No terceiro bloco, os candidatos seguiram trocando perguntas entre si, com intervalos para réplica e tréplica. Boulos e Covas debateram a coleta e o tratamento de lixo, reforma tributária, a regularidade de contratos públicos e as políticas para habitação.

Os candidatos debateram propostas para a coleta de lixo na cidade, cuja concessão vence em 2024. Covas chamou o próximo mandato da prefeitura de “janela de oportunidade” para discutir modelos mais modernos. 
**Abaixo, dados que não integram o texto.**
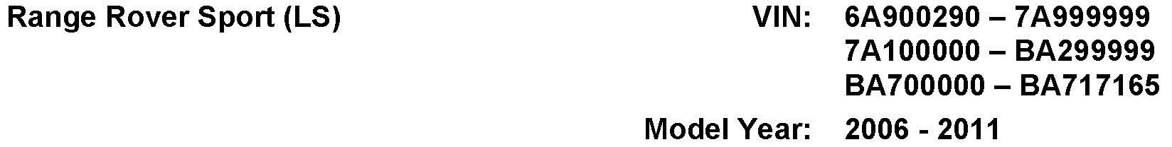 AFFECTED VEHICLE RANGE: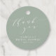 Denna bröllopsdusch-favorit-tagg har mjuka, gröna nyanser med elegant, script-bokstäver för en lugn, modern utseende. Framsidans design kombinerar ett graciöst tackmeddelande med personliga detaljer, medan baksidan visar ett delikat botaniskt linjemönster för en genomtänkt avslutande touch. Anpassa namn och datum för att matcha din fest. Perfekt för att knytas på påsfavoriter, presentlådor, flaskor eller välkomstpresenter och utformad för att samordna sömlöst med matchande bröllopsdusch-papper och dekorationer.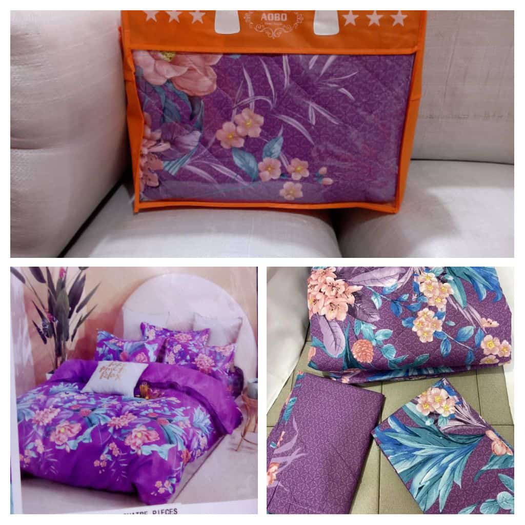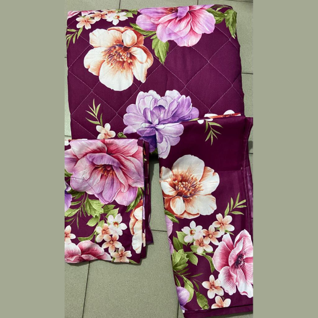 Ensemble couverture lourde + 2 draps de lits motif fleuri violet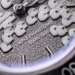 また、ユニークなのがヒラヒラとしたファントムたちの足元のように大きく波打つベゼル。放射状のサンレイ仕上げと合わさることで、より摩訶不思議な時計の印象を際立たせます。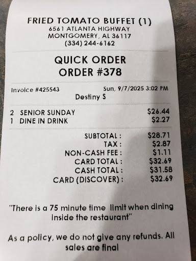Overall Impressions: Bring your family and enjoy the food! My first experience wasn't the best and may just be an isolated incident. Nevertheless, each time I come I get what's expected and some. This is the best buffet place in Montgomery, AL. Ill update when Fried Tomatoes takes a loss.

Boulos propõe aumentar a compostagem do lixo orgânico e a universalização da coleta seletiva que vai de porta a porta. “É preciso virar a página dos aterros [sanitários]”, declarou. 

4º bloco

No quarto bloco, os candidatos responderam a uma mesma pergunta feita pelo jornalismo da CNN, sobre o que farão para reduzir o desemprego na cidade de São Paulo.

Primeiro a responder, o candidato do PSDB propôs um aumento dos cursos de capacitação profissional, ampliando as vagas no Programa Operação Trabalho (POT), que capacita pessoas de baixa renda desempregadas

O candidato do PSOL quer reverter a concentração de empregos na região central de São Paulo, com obras públicas de infraestrutura em regiões mais distantes. Boulos afirma que, assim, pode reduzir também o trânsito e a lotação do transporte público.

Considerações finais

Na última parte do debate da CNN nesta segunda-feira (16) os candidatos à prefeitura de São Paulo, Guilherme Boulos (PSOL) e Bruno Covas (PSDB) tiveram um minuto para fazer as considerações finais. 

Guilherme Boulos citou seu pouco tempo de televisão no primeiro turno e disse que teve pouca oporunidade para mostrar o projeto que tem para a cidade. “Se mesmo assim tivemos mais de um milhão de votos e estamos criando uma onda da virada, nos próximos 15 dias, essa onda só vai crescer”. 

Covas também disse estar muito agradecido por vencer em todos os distritos da cidade. “Não tenho a menor dúvida que a esperança vai vencer os radicais no segundo turno, assim como venceu no primeiro turno”, finalizou.